• Requirement:
Among the entries below, extract exactly the lines that run from the one with "Kit 3 Unidades" through the one with "- PAW-Multikugelhahn mit rotem Flügelgriff", both ends included.

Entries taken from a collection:
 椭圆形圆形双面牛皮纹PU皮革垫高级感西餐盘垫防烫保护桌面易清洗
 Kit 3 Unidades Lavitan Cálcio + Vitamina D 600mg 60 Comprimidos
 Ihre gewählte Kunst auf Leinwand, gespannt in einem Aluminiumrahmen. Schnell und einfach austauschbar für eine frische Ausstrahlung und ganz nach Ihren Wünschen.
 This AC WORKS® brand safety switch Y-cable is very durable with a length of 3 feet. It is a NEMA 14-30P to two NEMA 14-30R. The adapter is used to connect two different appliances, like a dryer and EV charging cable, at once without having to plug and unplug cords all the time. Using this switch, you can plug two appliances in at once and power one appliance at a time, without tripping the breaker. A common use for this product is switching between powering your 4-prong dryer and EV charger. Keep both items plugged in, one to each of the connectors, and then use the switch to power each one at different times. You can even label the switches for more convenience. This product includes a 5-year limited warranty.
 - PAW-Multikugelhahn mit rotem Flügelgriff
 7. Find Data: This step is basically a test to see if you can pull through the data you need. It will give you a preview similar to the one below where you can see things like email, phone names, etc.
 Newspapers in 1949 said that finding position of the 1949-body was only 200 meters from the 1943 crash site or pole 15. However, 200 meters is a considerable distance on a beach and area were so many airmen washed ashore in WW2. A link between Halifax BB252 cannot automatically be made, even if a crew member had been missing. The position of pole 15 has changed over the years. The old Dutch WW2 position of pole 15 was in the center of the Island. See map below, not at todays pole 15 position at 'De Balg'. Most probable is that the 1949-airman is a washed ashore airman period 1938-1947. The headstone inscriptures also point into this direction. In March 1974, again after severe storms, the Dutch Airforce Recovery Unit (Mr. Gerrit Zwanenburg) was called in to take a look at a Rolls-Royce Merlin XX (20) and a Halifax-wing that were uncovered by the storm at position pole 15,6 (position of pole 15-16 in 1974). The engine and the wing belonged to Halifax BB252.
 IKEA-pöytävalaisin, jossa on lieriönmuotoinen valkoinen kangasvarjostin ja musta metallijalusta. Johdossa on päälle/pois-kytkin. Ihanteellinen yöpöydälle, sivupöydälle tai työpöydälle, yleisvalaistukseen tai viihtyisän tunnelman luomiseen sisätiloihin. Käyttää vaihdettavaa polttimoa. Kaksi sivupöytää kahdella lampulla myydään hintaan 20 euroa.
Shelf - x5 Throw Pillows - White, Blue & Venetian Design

• Result of the task:
 Kit 3 Unidades Lavitan Cálcio + Vitamina D 600mg 60 Comprimidos
 Ihre gewählte Kunst auf Leinwand, gespannt in einem Aluminiumrahmen. Schnell und einfach austauschbar für eine frische Ausstrahlung und ganz nach Ihren Wünschen.
 This AC WORKS® brand safety switch Y-cable is very durable with a length of 3 feet. It is a NEMA 14-30P to two NEMA 14-30R. The adapter is used to connect two different appliances, like a dryer and EV charging cable, at once without having to plug and unplug cords all the time. Using this switch, you can plug two appliances in at once and power one appliance at a time, without tripping the breaker. A common use for this product is switching between powering your 4-prong dryer and EV charger. Keep both items plugged in, one to each of the connectors, and then use the switch to power each one at different times. You can even label the switches for more convenience. This product includes a 5-year limited warranty.
 - PAW-Multikugelhahn mit rotem Flügelgriff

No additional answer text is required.